- The Food and Drug Administration has approved nine biosimilars, generic versions of biologic medicines, but only three are available in the U.S.
- Drug manufacturers are using several schemes to "hamstring biosimilar competition," FDA Commissioner Scott Gottlieb said. He added he worries pharmacy benefit managers have been "complacent participants" in them.
- Gottlieb delivered his remarks at the Pharmaceutical Care Management Association's PBM Policy Forum.
Drugmakers may not be the only ones keeping less-expensive drugs off the market.
The Food and Drug Administration has approved nine biosimilars, generic versions of biologic medicines, but only three are available in the U.S.

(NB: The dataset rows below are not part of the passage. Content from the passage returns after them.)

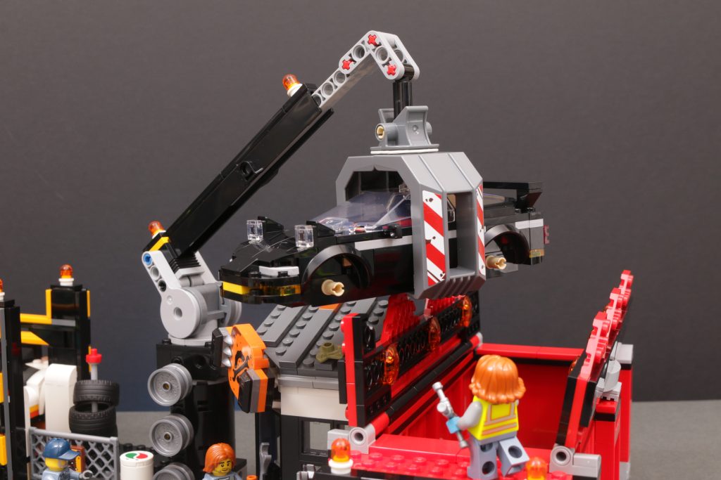 60472 Desguace con coches Es el conjunto más llamativo y gratificante de este LEGO en particular. City La gama se lanzará en enero de 2025 y competirá con los sets F1 y Space en cuanto a características y diversión. Se cuenta una historia completa en tres secciones a medida que avanzas en 60472: algunos autos rápidos y llamativos llegan al desguace y se conducen por la rampa para que se les corten las secciones delantera y trasera y se les quiten las ruedas, antes de colocarlos en el soporte elevado y la grúa en funcionamiento los recoge, los eleva sobre la oficina del desguace y los deja caer en la trituradora realmente grande.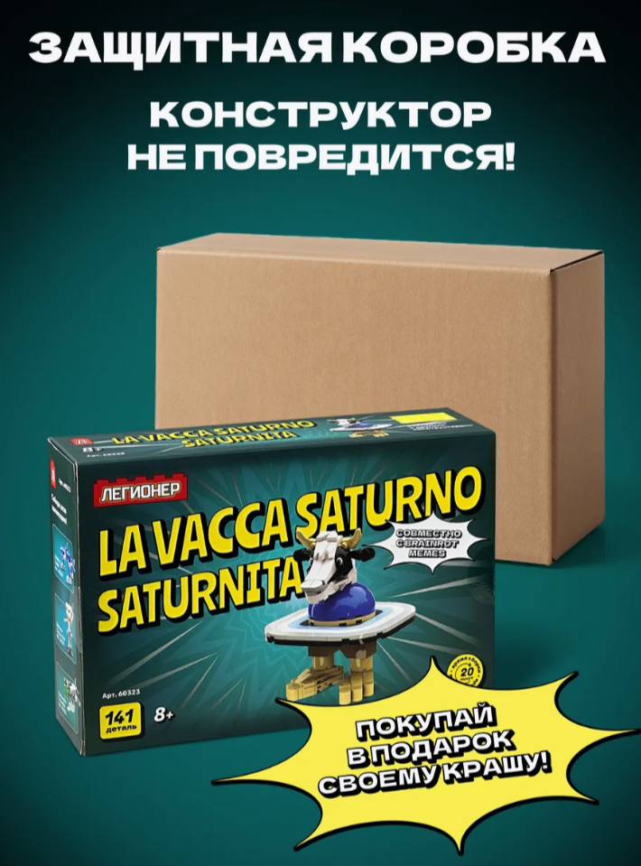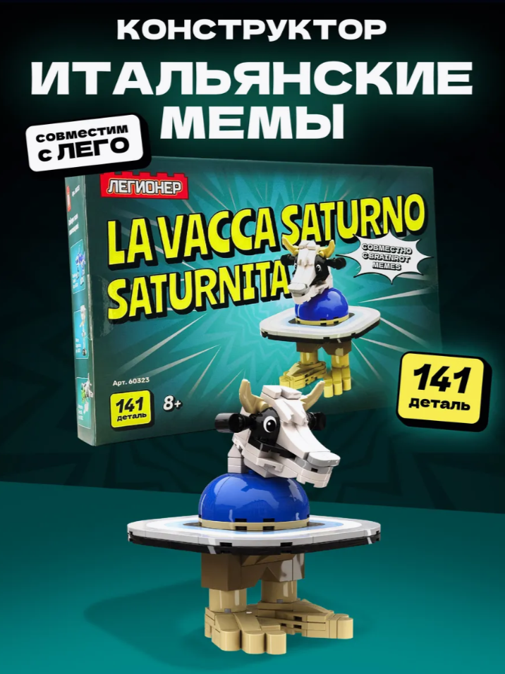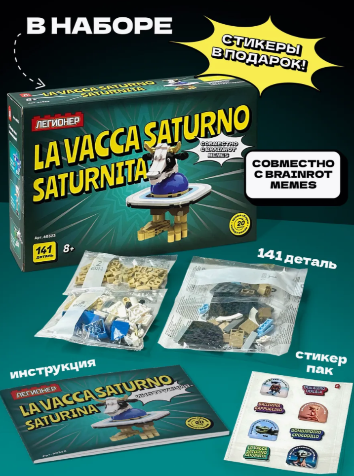 141 деталь, чтобы собрать ульт итальянских мемов эпохи Тралалеро Тралала. Вака — серый кардинал, но всё перевернулось, когда Вака Сатурнита запустила кибер-апокалипсис. Теперь она главная в руинах старого мира и ищет выход из матрицы, наверное.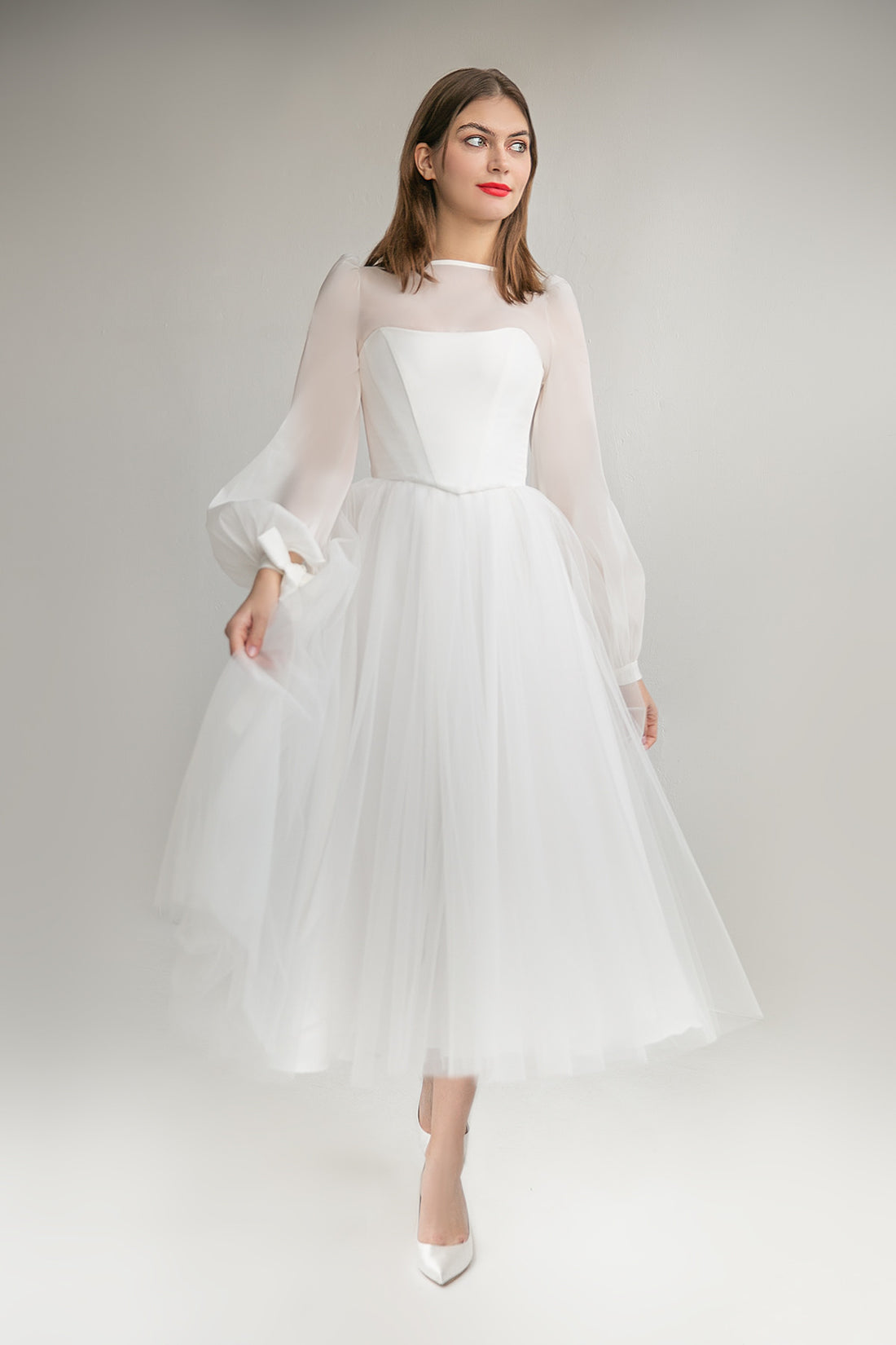 A-line Midi Wedding Dress Adele With Long Sleeves and Lace-up Corset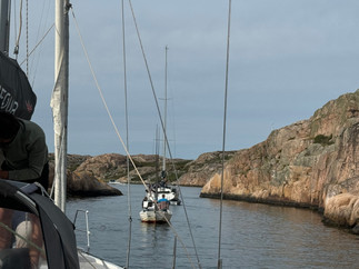 Når vi ankommer Sota kanalen, ser vi at vi ligger 4 båter bak Tom, så blir felles ferd siste stykket.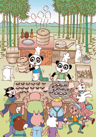 從那天之後,阿豐和阿源就一直練習做竹筍包,而且還研發新口味、新造型的包子。餡料部分,除了鮮嫩、香脆的竹筍外,還加上薑絲、木耳、紅蘿蔔絲和香油,味道更棒了;外觀部分,他們用兩片香菇做成兩片耳朵,剪了兩張圓形海苔貼成眼睛,還畫上鼻子和嘴巴,看起來就像是一個可愛的「貓熊的臉」。

Manufacturers are using several schemes to "hamstring biosimilar competition," FDA Commissioner Scott Gottlieb said at the Pharmaceutical Care Management Association's PBM Policy Forum, according to a copy of his prepared remarks.
He added that he worries pharmacy benefit managers have been "complacent participants" in the schemes.
Pharmacy benefit managers are companies that control which drugs are covered and negotiate discounts on branded drugs with manufacturers. In some cases, restrictive contracting, rebating and distribution agreements deter biosimilars from being covered and reimbursed, Gottlieb said Thursday in a speech to an audience of PBMs.
"While such schemes may have the immediate impact of reducing the costs of these therapies, the net result is a lopsided playing field that disincentives biosimilar developers from making the sizable investment in bringing such products to market. I am concerned this will lead to reduced competition in the long-run and unsustainable costs for these treatments," Gottlieb said in his prepared remarks.
PBMs and insurers may stick with branded biologics because they receive discounts from manufacturers on these treatments. That can leave consumers paying for costly treatments when less-expensive ones are available while PBMs make more money on these discounts, known as rebates.
"Many of these practices persist because high list prices enable lucrative returns across the drug supply chain as the spread between list and net price is carved up and shared among participants," Gottlieb said in his prepared remarks.
"It's easier to log profits this quarter than to think about what the market will look like in two years' time or five," he said.
PBMs have become an increasingly popular target for their role in rising drug costs. Manufacturers say these middlemen pocket rebates they give them instead of sharing them with customers and reducing patients' out-of-pocket costs. Critics blame the opaque system for preventing people from knowing much about how PBMs operate.
A PCMA spokesman responded to Gottlieb's prepared remarks in a statement to CNBC:
Pharmacy benefit managers (PBMs) have long been strong supporters of bipartisan legislation that would prevent brand drug manufacturer abuses of risk evaluation and mitigation strategies (REMS) that block generic competition. Allowing generic and biosimilar drugs to get to market more quickly will reduce overall drug costs.
A broad group of other stakeholders support this legislation, including the Association for Accessible Medicines, the Academy of Managed Care Pharmacy, Public Citizen, and Blue Cross Blue Shield Association.
Gottlieb has not been shy about his thoughts on how different players in the health-care system are contributing to rising drug prices. His message last month to health insurers: You're doing it wrong.
Thursday, he applauded insurers who have recently pledged to pass manufacturer's drug rebates directly on to some of their members. Both Aetna and UnitedHealth Group said last month they would do so for fully insured members.
"This is a bold action that will help create a fairer, more transparent market," Gottlieb said in his prepared remarks. "I hope that other insurers, employers, and manufacturers follow their lead. I also hope that your industry will continue to innovate to make it more transparent to pass along these rebates."